Say how many lines below have "ceremony" in them, giving the number alone.

Data excerpts
——

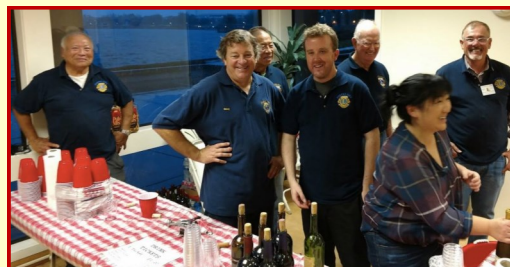
Bar Crew at Foster City Lions Club White Cane Bingo Feed
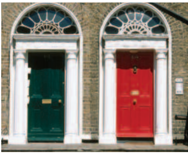
Many of Dublin's elegant Georgian homes are distinguished by their colorfully painted doors.
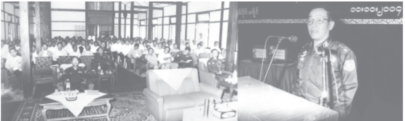
Secretary-1 Lt-Gen Soe Win delivers a speech at the donation ceremony of teaching aids at Htantabin BEHS in Yangon North District.

YANGON, 11 Oct — A ceremony to donate teaching aids to Htantabin Basic Education High School in Yangon North District was held yesterday morning at the school attended by Vice Chairman of Myanmar Education Committee Secretary-1 of the State Peace and Development Council Lt-Gen Soe Win.
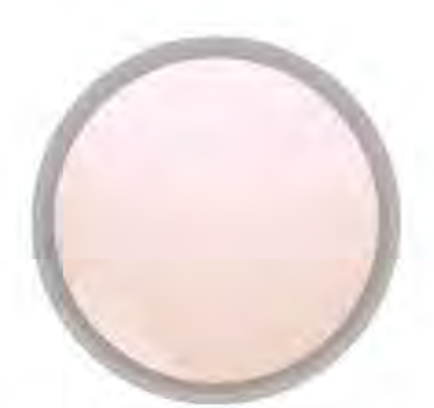
PINK #4 REGULAR C PO1 PIN # 4
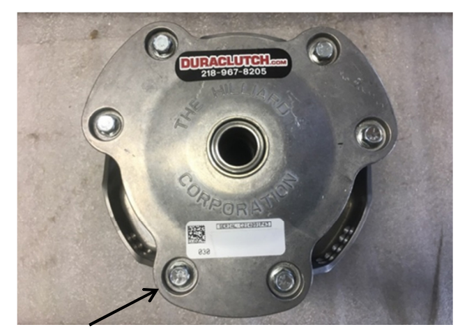
2. Remove 6 cover screws with <sup>3</sup>/<sub>4</sub>" socket.
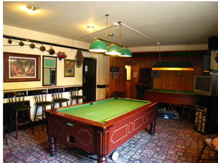
A view back to the corridor
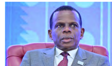
Africa must address the 'paradox of plenty' >
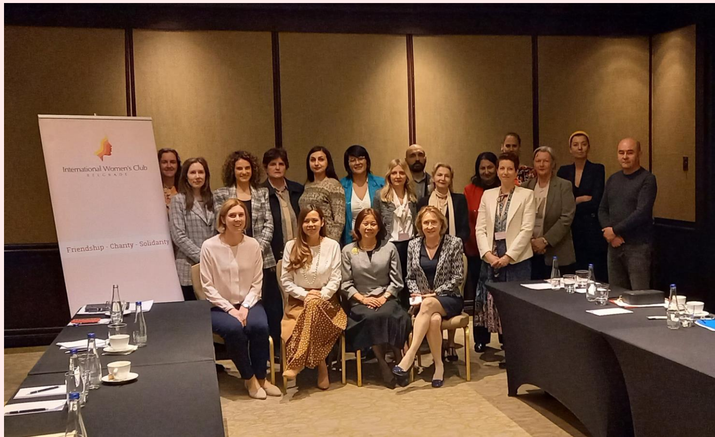
May 4, 2023: Cash Donation Agreements at Hyatt Hotel
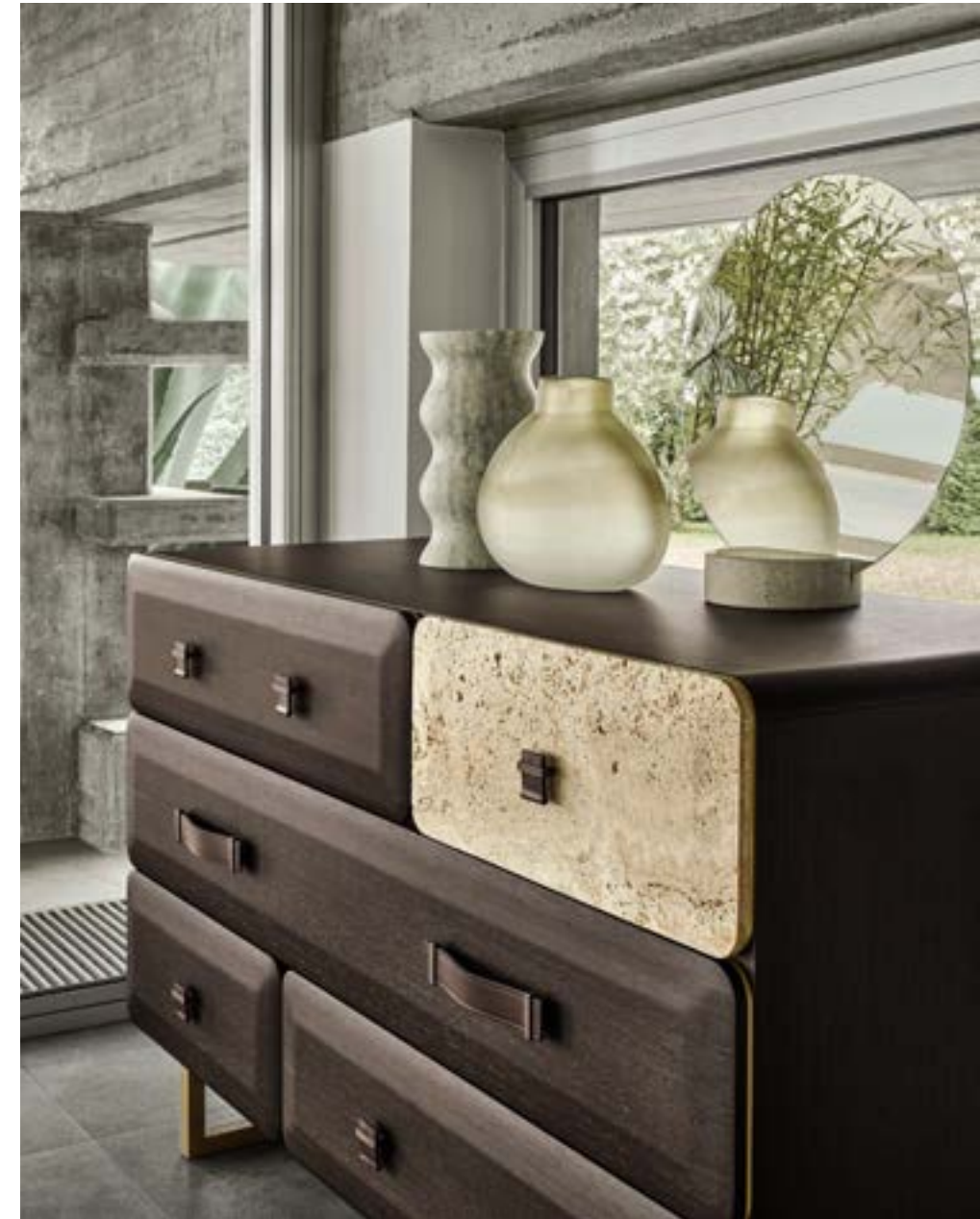
KAUNAS BOUND bed FIVE POINTS night table FIVE POINTS drawer unit MOON mirror CIRCE vase
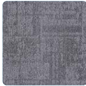
1310 CHROMA GREY

In Tile size 50cm x 50cm Tile pattern are packed randomly per box.
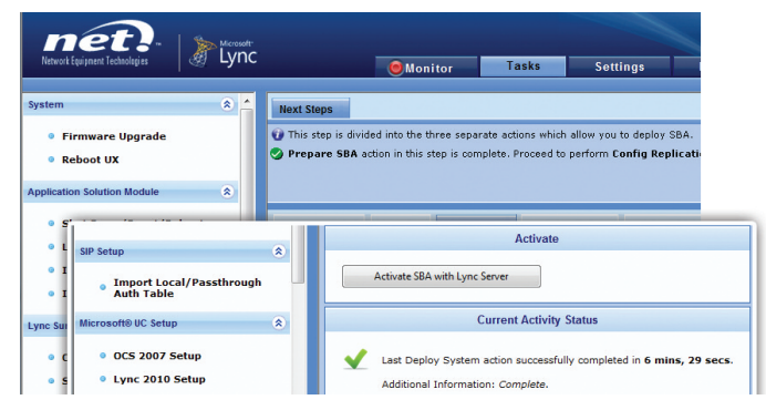
Figure 2: UX1000 secure, integrated web GUI for gateway and SBA management

WEBSITE: Please visit our website at www.net.com for information on how to contact us, place an order or get more information on NET solutions.
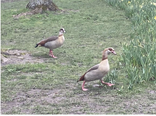
Photo: Egyptian Geese in Cherry Hinton Hall

Water birds such as mallard and moorhen are now forming pairs and our resident swans fly between the pits and the pond in Cherry Hinton Hall deciding where to nest (last year they successfully reared 6 of their 7 cygnets from a nest in the pits). A pair of Egyptian Geese is also often seen strutting about by the Hall pond so maybe they will raise a brood this year. Originally escapees from private collections (they are native of South Sahara and the Nile Valley and were considered sacred by the Ancient Egyptians) there are now many feral populations in the UK, although these are the first to be seen near the Brook.
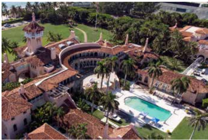
An aerial view of former US President Donald Trump's Mar-a-Lago home

A special master is an independent third-party sometimes appointed by a court in sensitive cases to review materials potentially covered by attorney-client privilege to ensure investigators do not improperly view them.
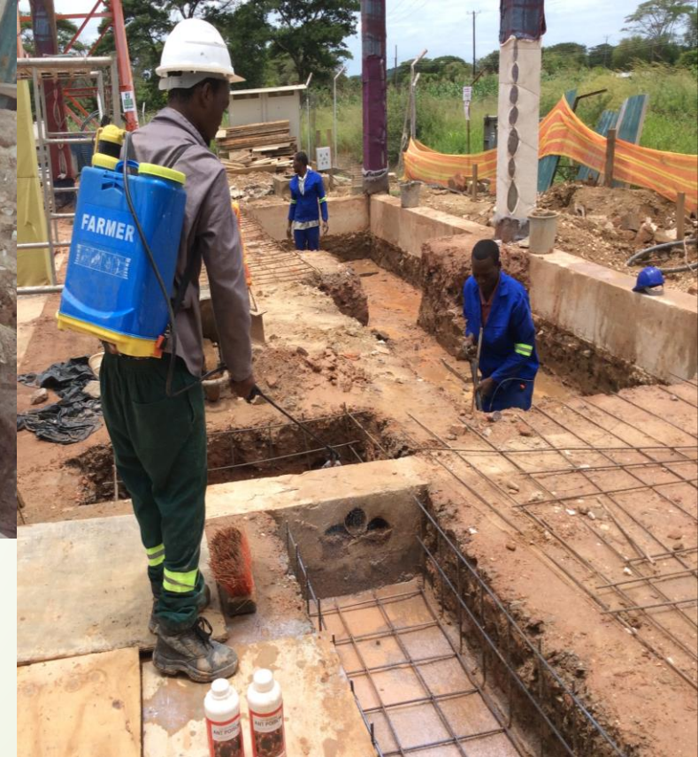
Applying termite killer
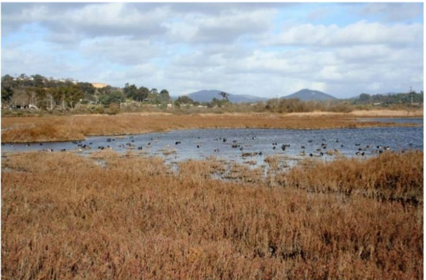
Figure . San Elijo Lagoon.

Community Phase 3.1 – this community phase will be dominated primarily by cattails, pondweeds, and other brackish and freshwater emergent species. It may vary from a rather complex variety of cover and distribution of species much like a marsh might appear, but it also may look more like a pond or wetland depending on how disconnected it has become from the hydrologic functions and dynamics of the ocean tides.
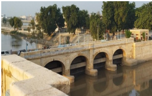
Barrage in Sukkur
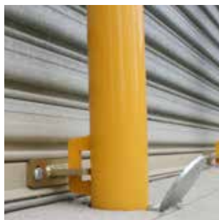
① Roller door bracket
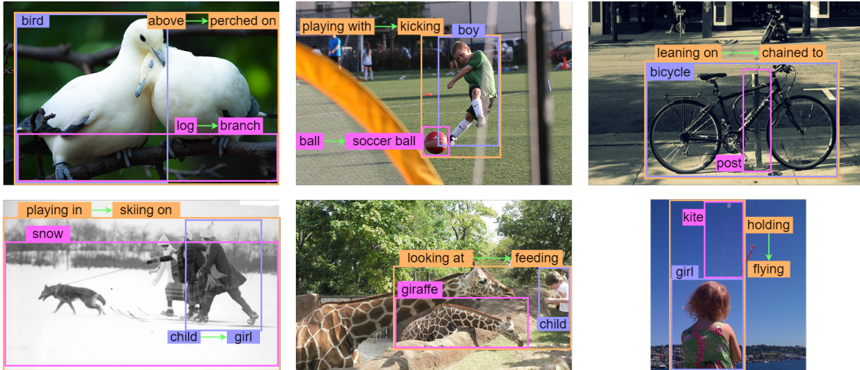
Figure 2. Visualizing Diffusion-Augmentation based results on GQA-LT dataset. Here, the green arrows show how the predicted subject/relation/object changes after fine-tuning LSVRU (with CE loss) model using DiffAugment. Orange color denotes the relation, blue denotes the subject, and pink denotes the object.

based sampling, Hardness conditioned Diffusion and Curriculum based fine-tuning in all possible combinations. The overall relation + subject/object average per-class accuracy for each configuration is reported in Table 5. As the table shows, adding each of the enhancements generally improves the overall accuracy, however, the optimal strategy may involve using only some of the enhancements (like not using curriculum based fine-tuning in this case).
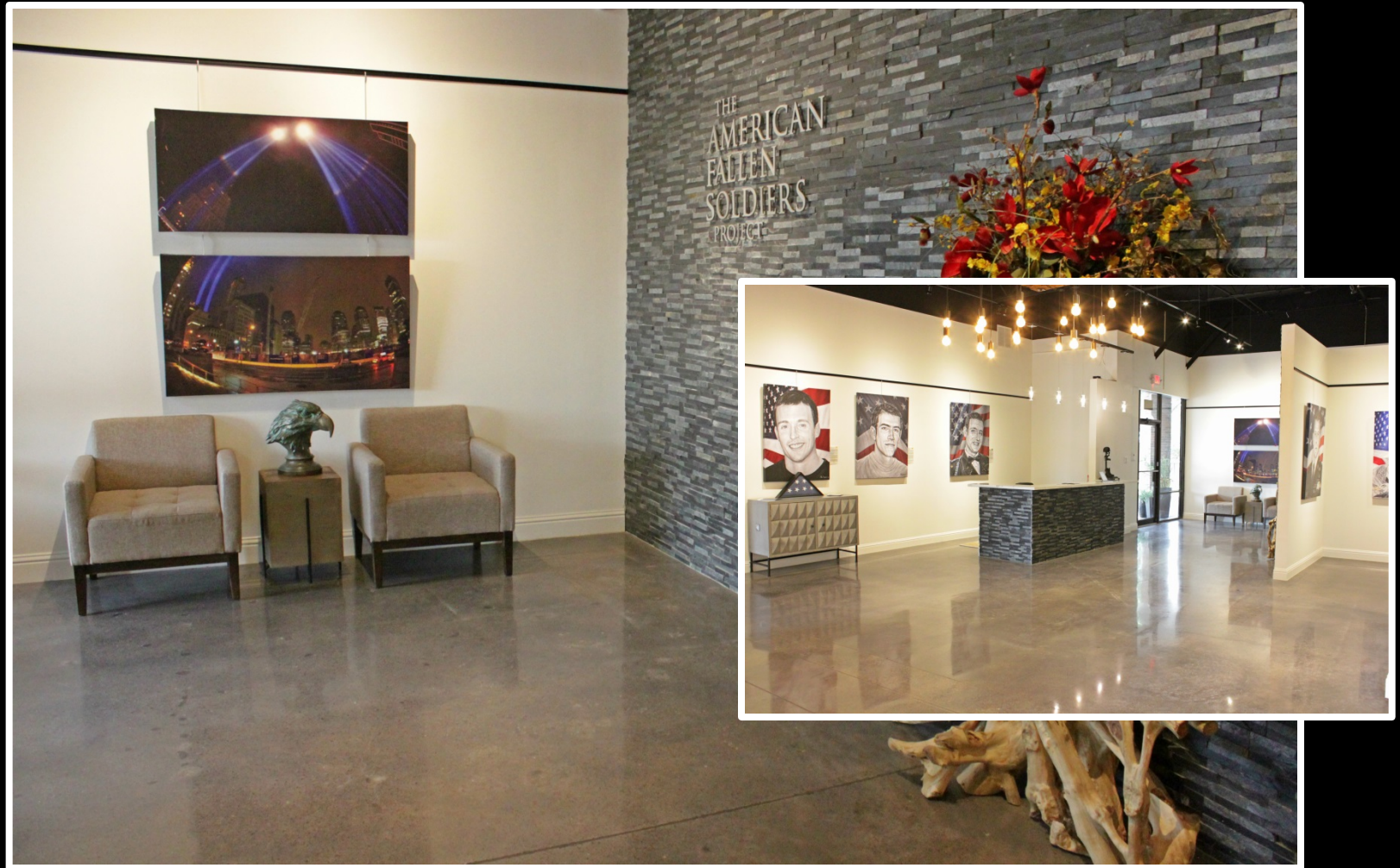
Project Location – Texas; Bomanite Custom Polishing System – Patène Teres
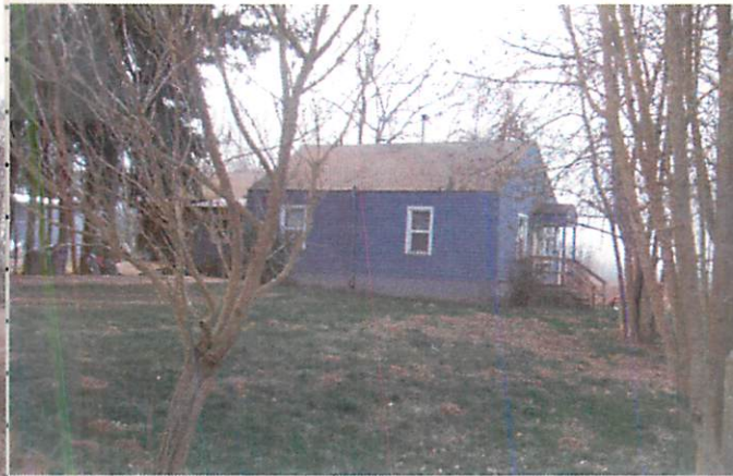
1-28-08 MA 720
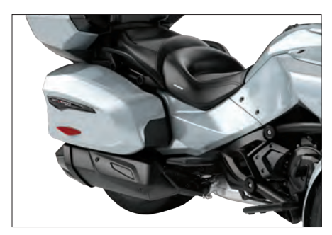
SELF-LEVELING AIR SUSPENSION

Watertight top case provides 15 gal (60 L) of storage, making it perfect for not leaving anything behind on a long distances ride.
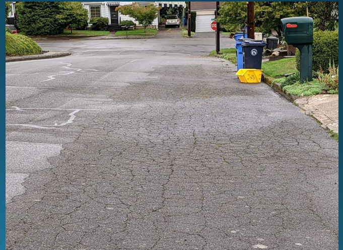
NW 19 TH AVE. LOOKING EAST TOWARDS DIVISION ST.
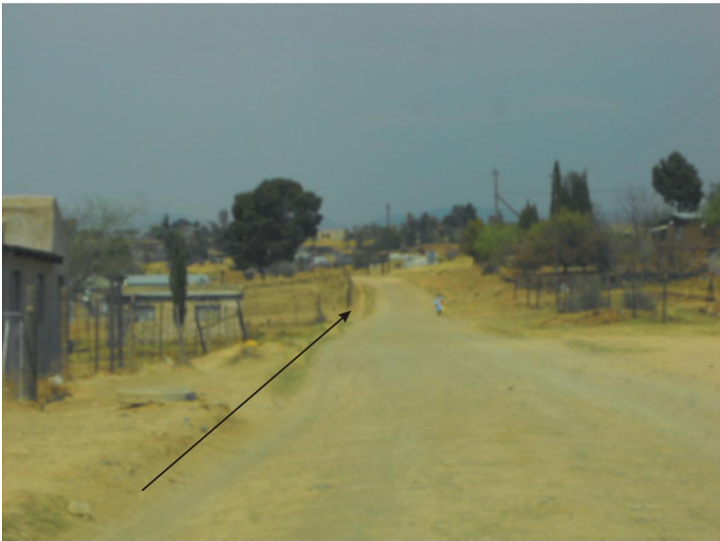
Figure 6. Phase 2 pipe line route.
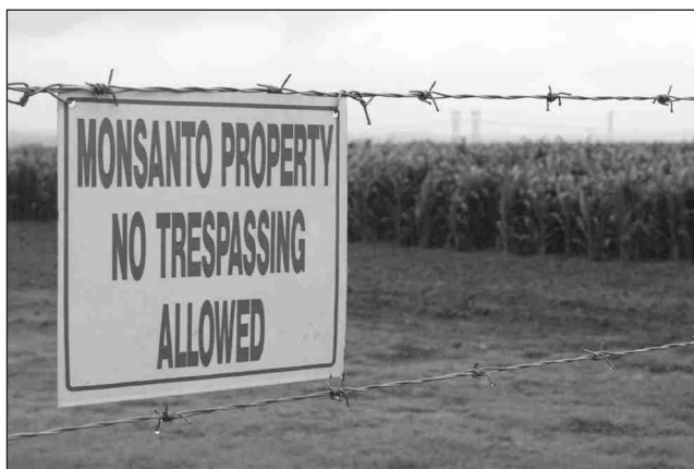
Monsanto test farm in Petit, South Africa.
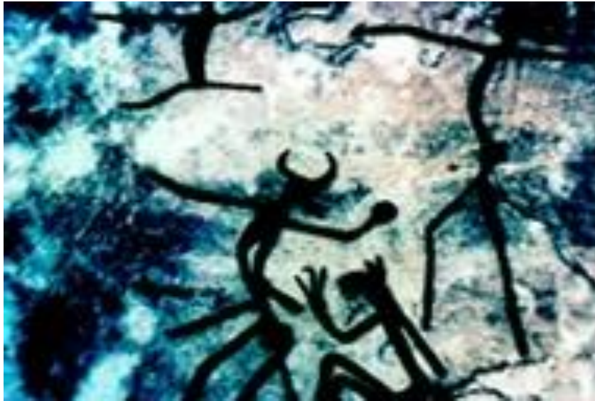
Plate 2.1 Wall painting of a dancer, Bhimbetka, Madhya Pradesh.
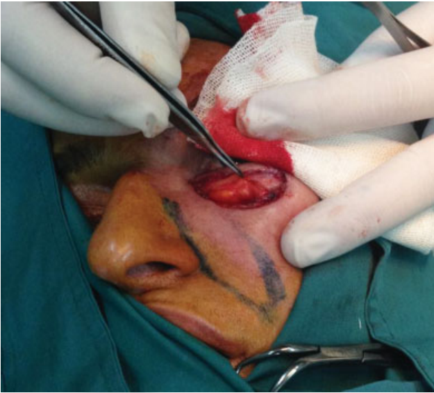
Fig. 2 Removal of basal cell carcinoma (BCC) by a cancer surgeon.

pedicle and extending it to the nasojugal area using a novel modified method, making a partial-thickness nasolabial dermal tail in the terminal portion of the flap.
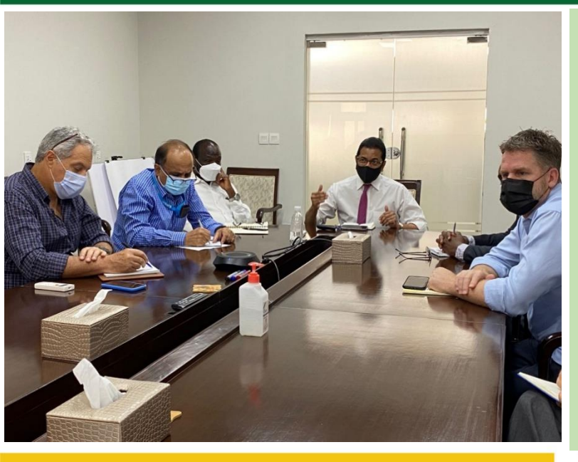
Daily Incidence and Deaths
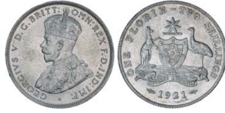
1469* George V, 1921. Full frosty mint bloom, choice uncirculated and rare thus.
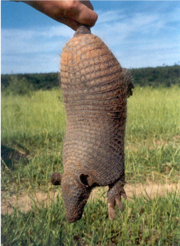
FIGURE 1 - Adult dorsal view. Estancia Pa'í Kuára, Departamento Amambay, January 2006. (Photo Hugo del Castillo).

TAXONOMY: Class Mammalia; Subclass Theria; Infraclass Eutheria; Order Cingulata; Family Dasypodidae; Subfamily Tolypeutinae; Tribe Priodontini (Myers et al 2006). The genus Cabassous was defined by McMurtrie (1831) and contains four species, three of which are present in Paraguay. The genus was reviewed by Wetzel (1980). There are two quite distinct subspecies, one of which, C.u.squamicaudis , is present in Paraguay (Wetzel 1980). It is possible that these two subspecies in fact represent distinct species, with the divergence between them in morphology and other characters of taxonomic importance greater than or equal to differences between C.u.unicinctus and other species in many cases. Wetzel (1980) retained them as subspecies presumably on the basis of a reported zone of intergradation in the Amazon River area, though the intergradation of two closely related but distinct species in a zone of overlap may not be completely out of the question.
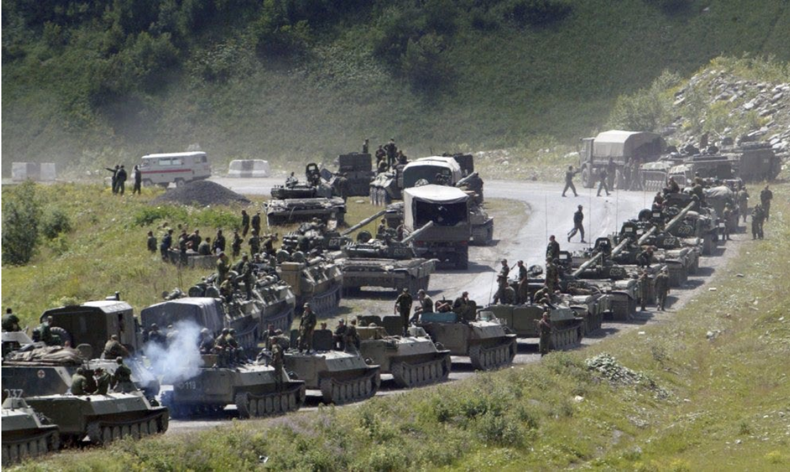
Figure 5. Russian Forces Marching on Tshkinvali, August 2008 180

combined with air interdiction by the Voyenno-vozdushnye Sily (Russian Air Force), inflicted heavy casualties on the Georgian army.
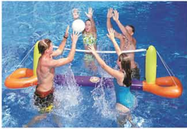
9085 Splash Volleyball 6/case $21.53 each

——

▶ _Exercise solution_: 2